A DESCRIPTION OF THE PROBLEM :
When mixing blits of scaled and not-scaled images weird slowdowns occur when the OpenGL pipeline is enabled.
The strange thing is that when doing only blits of scaled images they are as fast as blits of unscaled images, but as soon as you add blits of not scaled image performance goes down.

We discovered the problem when writing a spreadsheet-like application which uses image-scaling so that some signs can be stored in images and also be used also with dynamically adjustable grid sizes.
In our grid we do not use any non-scaled images, maybe that happens because of other operations like fills or glyph-painting.

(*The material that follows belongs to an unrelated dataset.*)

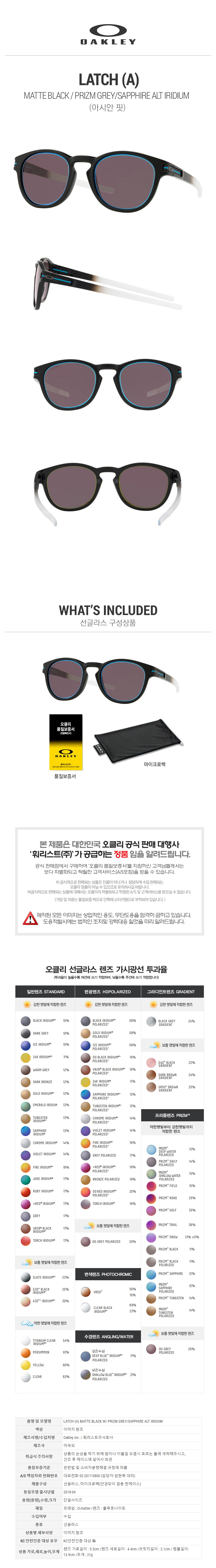 래치 OO9349-17 [프리즘] 매트 블랙 W/프리즘 그레이/사파이어 ALT 이리듐 아시안핏

The image I used is a 20x20 grayscale image and is 1-bit transparent.

This are the results I get when running the sample-code on my test  machine which blits each image 10.000 times to a JFrame:
Scaled image took: 747
Full image took: 32

This I get when blitting only scaled images:
Scaled image took: 1
Scaled image took: 1



STEPS TO FOLLOW TO REPRODUCE THE PROBLEM :
Run the sample-code with the OpenGL pipeline enabled.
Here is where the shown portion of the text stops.